• _EXERCISE_
Each record that follows is to be duplicated exactly, though its pictures are not.
BEGIN INFORMATION SUPPLIED
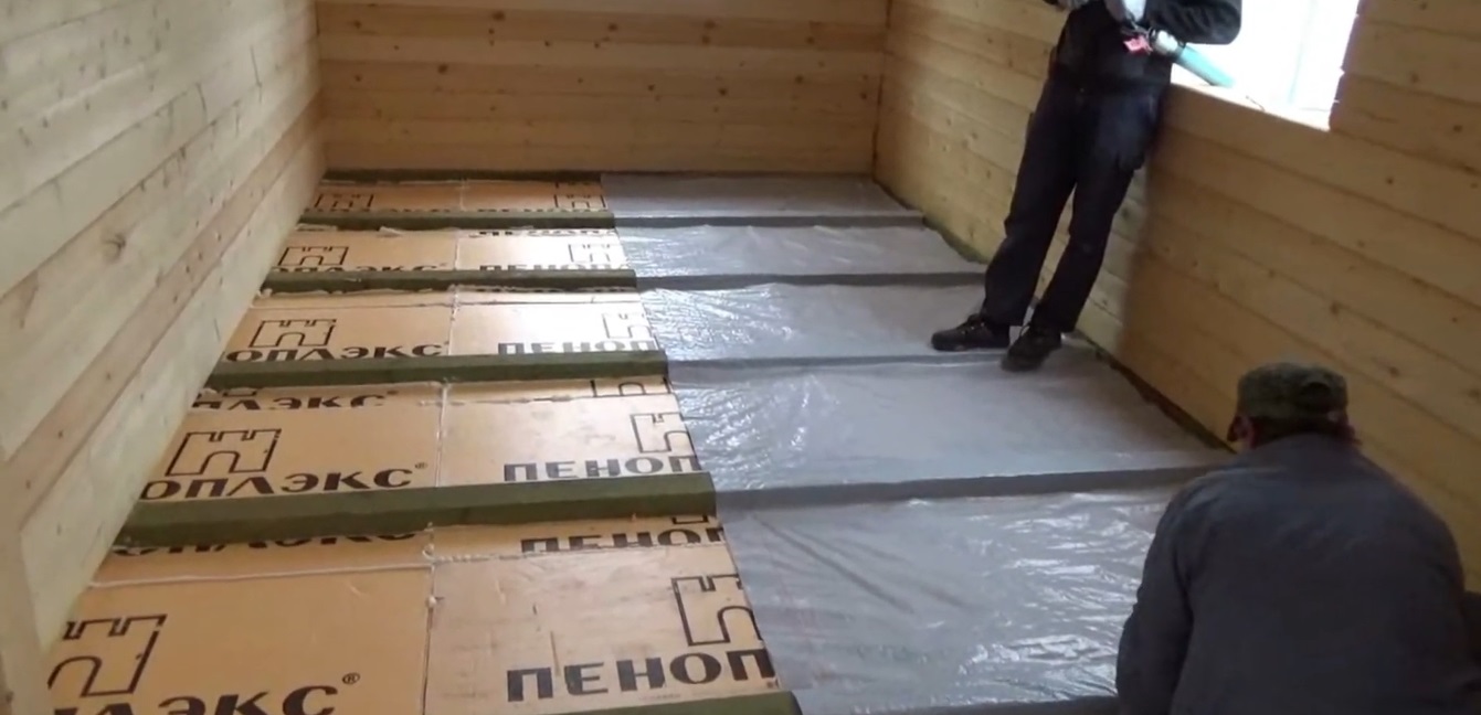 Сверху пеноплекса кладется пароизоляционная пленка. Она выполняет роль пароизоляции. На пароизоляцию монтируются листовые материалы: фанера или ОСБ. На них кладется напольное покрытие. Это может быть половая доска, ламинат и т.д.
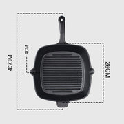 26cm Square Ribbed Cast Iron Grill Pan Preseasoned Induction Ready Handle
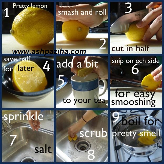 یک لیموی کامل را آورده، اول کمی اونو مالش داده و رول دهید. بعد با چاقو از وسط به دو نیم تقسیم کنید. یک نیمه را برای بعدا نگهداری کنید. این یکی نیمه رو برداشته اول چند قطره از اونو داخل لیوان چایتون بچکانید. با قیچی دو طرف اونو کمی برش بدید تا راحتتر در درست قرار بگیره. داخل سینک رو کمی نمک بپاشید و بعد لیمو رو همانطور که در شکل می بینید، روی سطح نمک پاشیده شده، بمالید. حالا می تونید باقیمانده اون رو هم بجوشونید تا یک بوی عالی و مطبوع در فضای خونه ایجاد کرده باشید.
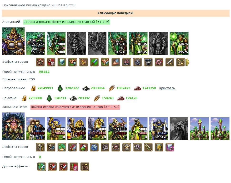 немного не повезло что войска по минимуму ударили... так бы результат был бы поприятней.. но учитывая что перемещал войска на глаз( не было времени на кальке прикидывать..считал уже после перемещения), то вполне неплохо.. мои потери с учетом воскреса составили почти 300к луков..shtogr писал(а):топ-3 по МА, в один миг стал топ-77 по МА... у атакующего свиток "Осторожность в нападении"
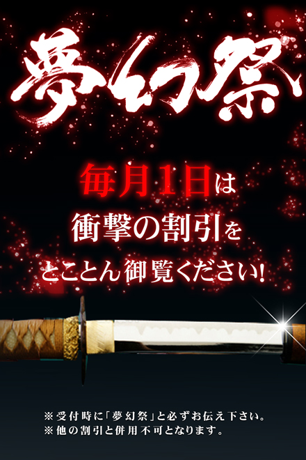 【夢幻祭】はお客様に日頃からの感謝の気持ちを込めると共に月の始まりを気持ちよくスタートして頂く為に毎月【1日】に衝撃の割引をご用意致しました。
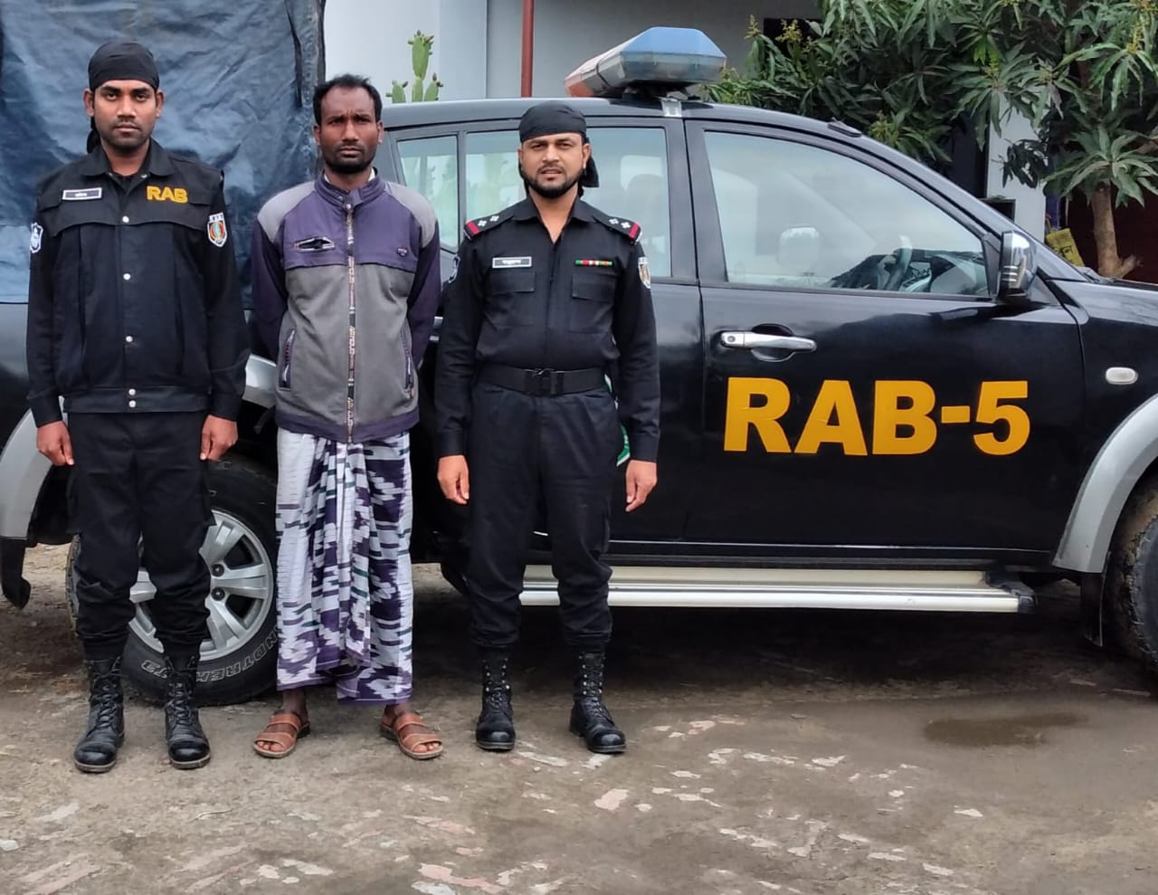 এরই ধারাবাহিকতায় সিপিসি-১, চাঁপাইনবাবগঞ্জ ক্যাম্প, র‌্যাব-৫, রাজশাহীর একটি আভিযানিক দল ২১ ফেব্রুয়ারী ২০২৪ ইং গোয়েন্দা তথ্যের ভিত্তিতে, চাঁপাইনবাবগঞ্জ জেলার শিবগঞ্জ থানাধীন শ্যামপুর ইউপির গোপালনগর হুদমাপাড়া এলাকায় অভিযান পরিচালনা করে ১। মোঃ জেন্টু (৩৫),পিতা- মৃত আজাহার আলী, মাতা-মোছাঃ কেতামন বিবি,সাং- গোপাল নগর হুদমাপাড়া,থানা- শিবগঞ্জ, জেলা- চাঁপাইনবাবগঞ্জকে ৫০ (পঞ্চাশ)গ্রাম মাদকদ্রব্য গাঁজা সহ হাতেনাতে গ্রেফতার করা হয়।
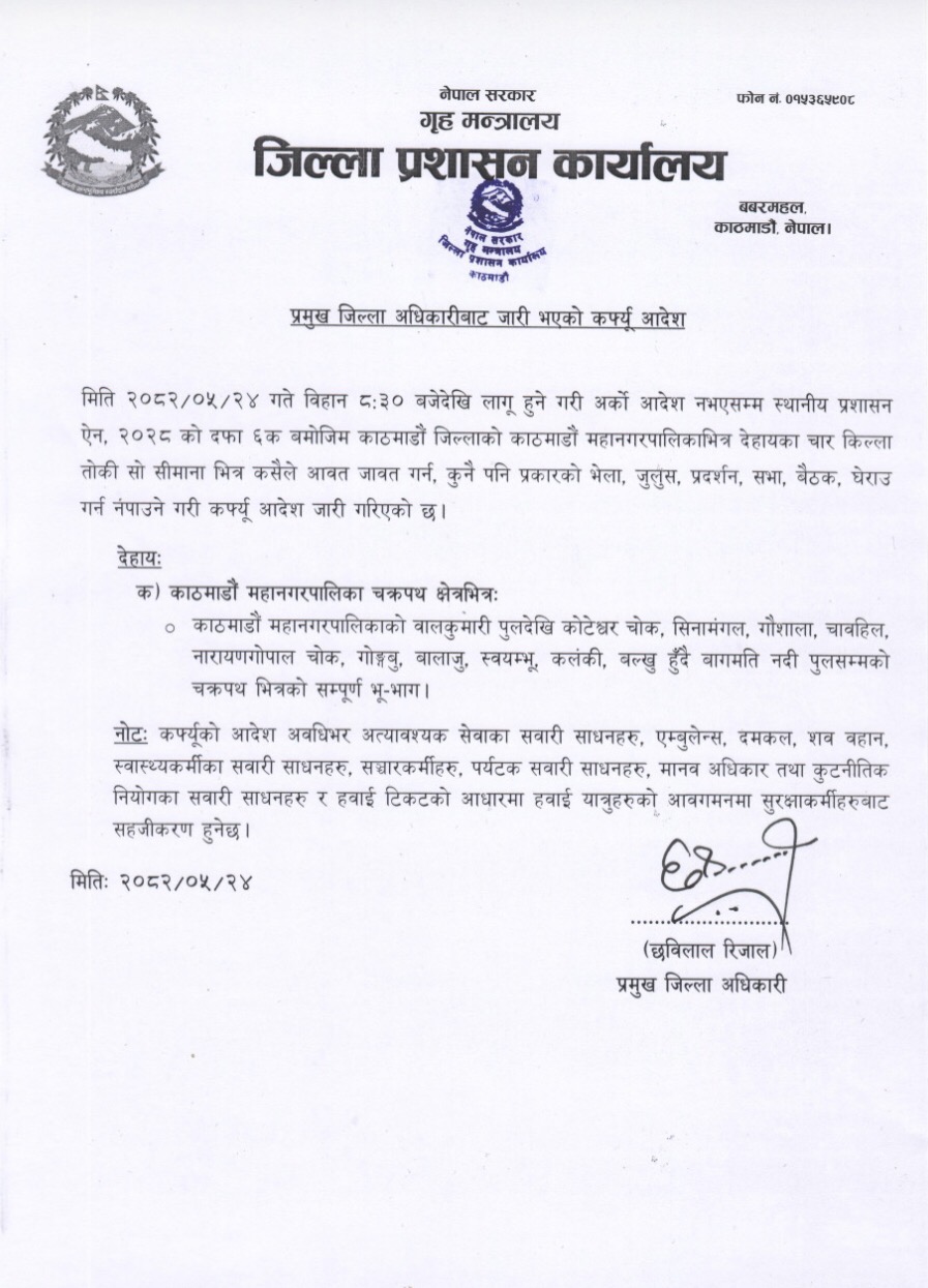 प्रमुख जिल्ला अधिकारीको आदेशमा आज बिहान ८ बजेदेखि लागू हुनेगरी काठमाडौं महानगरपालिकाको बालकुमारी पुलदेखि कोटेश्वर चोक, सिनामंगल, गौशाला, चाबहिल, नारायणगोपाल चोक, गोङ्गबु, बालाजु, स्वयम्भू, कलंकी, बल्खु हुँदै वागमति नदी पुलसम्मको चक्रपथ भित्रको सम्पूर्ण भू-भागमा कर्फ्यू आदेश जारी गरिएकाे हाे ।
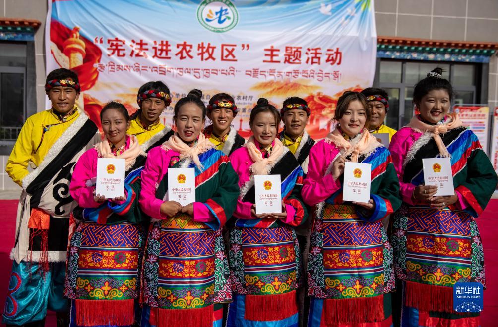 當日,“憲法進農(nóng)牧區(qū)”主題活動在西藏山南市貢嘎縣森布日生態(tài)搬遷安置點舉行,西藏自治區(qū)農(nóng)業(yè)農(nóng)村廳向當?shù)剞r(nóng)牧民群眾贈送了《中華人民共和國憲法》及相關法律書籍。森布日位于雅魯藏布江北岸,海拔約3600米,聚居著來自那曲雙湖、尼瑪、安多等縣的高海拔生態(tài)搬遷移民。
END INFORMATION SUPPLIED
• _WRITTEN RESPONSE_
 Сверху пеноплекса кладется пароизоляционная пленка. Она выполняет роль пароизоляции. На пароизоляцию монтируются листовые материалы: фанера или ОСБ. На них кладется напольное покрытие. Это может быть половая доска, ламинат и т.д.
 26cm Square Ribbed Cast Iron Grill Pan Preseasoned Induction Ready Handle
 یک لیموی کامل را آورده، اول کمی اونو مالش داده و رول دهید. بعد با چاقو از وسط به دو نیم تقسیم کنید. یک نیمه را برای بعدا نگهداری کنید. این یکی نیمه رو برداشته اول چند قطره از اونو داخل لیوان چایتون بچکانید. با قیچی دو طرف اونو کمی برش بدید تا راحتتر در درست قرار بگیره. داخل سینک رو کمی نمک بپاشید و بعد لیمو رو همانطور که در شکل می بینید، روی سطح نمک پاشیده شده، بمالید. حالا می تونید باقیمانده اون رو هم بجوشونید تا یک بوی عالی و مطبوع در فضای خونه ایجاد کرده باشید.
 немного не повезло что войска по минимуму ударили... так бы результат был бы поприятней.. но учитывая что перемещал войска на глаз( не было времени на кальке прикидывать..считал уже после перемещения), то вполне неплохо.. мои потери с учетом воскреса составили почти 300к луков..shtogr писал(а):топ-3 по МА, в один миг стал топ-77 по МА... у атакующего свиток "Осторожность в нападении"
 【夢幻祭】はお客様に日頃からの感謝の気持ちを込めると共に月の始まりを気持ちよくスタートして頂く為に毎月【1日】に衝撃の割引をご用意致しました。
 এরই ধারাবাহিকতায় সিপিসি-১, চাঁপাইনবাবগঞ্জ ক্যাম্প, র‌্যাব-৫, রাজশাহীর একটি আভিযানিক দল ২১ ফেব্রুয়ারী ২০২৪ ইং গোয়েন্দা তথ্যের ভিত্তিতে, চাঁপাইনবাবগঞ্জ জেলার শিবগঞ্জ থানাধীন শ্যামপুর ইউপির গোপালনগর হুদমাপাড়া এলাকায় অভিযান পরিচালনা করে ১। মোঃ জেন্টু (৩৫),পিতা- মৃত আজাহার আলী, মাতা-মোছাঃ কেতামন বিবি,সাং- গোপাল নগর হুদমাপাড়া,থানা- শিবগঞ্জ, জেলা- চাঁপাইনবাবগঞ্জকে ৫০ (পঞ্চাশ)গ্রাম মাদকদ্রব্য গাঁজা সহ হাতেনাতে গ্রেফতার করা হয়।
 प्रमुख जिल्ला अधिकारीको आदेशमा आज बिहान ८ बजेदेखि लागू हुनेगरी काठमाडौं महानगरपालिकाको बालकुमारी पुलदेखि कोटेश्वर चोक, सिनामंगल, गौशाला, चाबहिल, नारायणगोपाल चोक, गोङ्गबु, बालाजु, स्वयम्भू, कलंकी, बल्खु हुँदै वागमति नदी पुलसम्मको चक्रपथ भित्रको सम्पूर्ण भू-भागमा कर्फ्यू आदेश जारी गरिएकाे हाे ।
 當日,“憲法進農(nóng)牧區(qū)”主題活動在西藏山南市貢嘎縣森布日生態(tài)搬遷安置點舉行,西藏自治區(qū)農(nóng)業(yè)農(nóng)村廳向當?shù)剞r(nóng)牧民群眾贈送了《中華人民共和國憲法》及相關法律書籍。森布日位于雅魯藏布江北岸,海拔約3600米,聚居著來自那曲雙湖、尼瑪、安多等縣的高海拔生態(tài)搬遷移民。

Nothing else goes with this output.